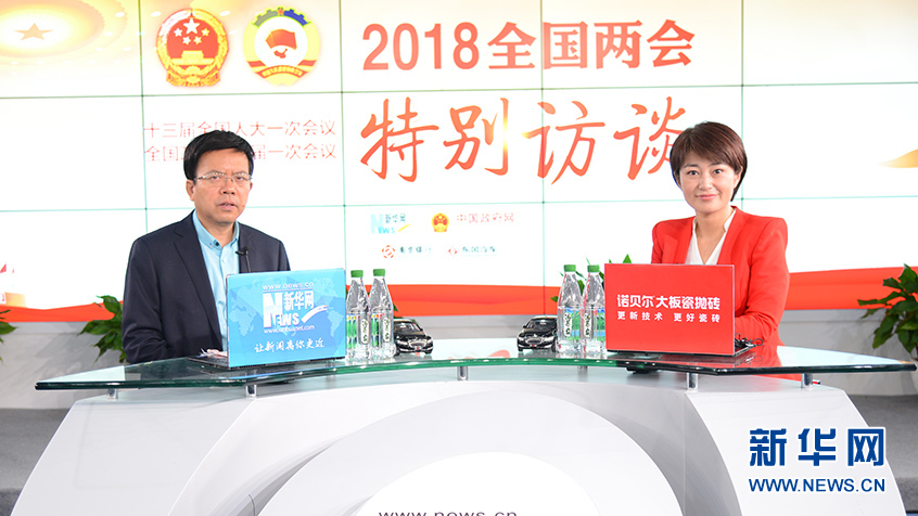 圖為全國政協(xié)委員,陜西建工集團(tuán)有限公司黨委書記、董事長、總經(jīng)理張義光(左)做客新華網(wǎng)2018全國兩會特別訪談。新華網(wǎng) 楊濛攝
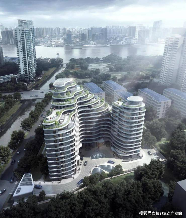 国际获奖波浪艺术公建立面,梯田退台,户户最大化江景视野
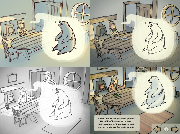I was approached by writer & producer Charles Kriel with a tantalisingly simple brief – to illustrate and animate an interactive children’s book for the iPad entitled ‘A Bear Ate All The Brussels Sprouts’. If I wasn’t already sold on the prospects of working on the iPad, then Charles’ succinctly charming story about a boy and his overactive imagination (let’s just say it wasn’t difficult for me to identify with the lead protagonist) as well as the freedom to take the artwork in my own direction was just too great an opportunity to miss.

---+---

• _Directions for this task_
Leaving every picture out, repeat each line of the material exactly.

• _Result for this task_
 圖為全國政協(xié)委員,陜西建工集團(tuán)有限公司黨委書記、董事長、總經(jīng)理張義光(左)做客新華網(wǎng)2018全國兩會特別訪談。新華網(wǎng) 楊濛攝
 国际获奖波浪艺术公建立面,梯田退台,户户最大化江景视野
I was approached by writer & producer Charles Kriel with a tantalisingly simple brief – to illustrate and animate an interactive children’s book for the iPad entitled ‘A Bear Ate All The Brussels Sprouts’. If I wasn’t already sold on the prospects of working on the iPad, then Charles’ succinctly charming story about a boy and his overactive imagination (let’s just say it wasn’t difficult for me to identify with the lead protagonist) as well as the freedom to take the artwork in my own direction was just too great an opportunity to miss.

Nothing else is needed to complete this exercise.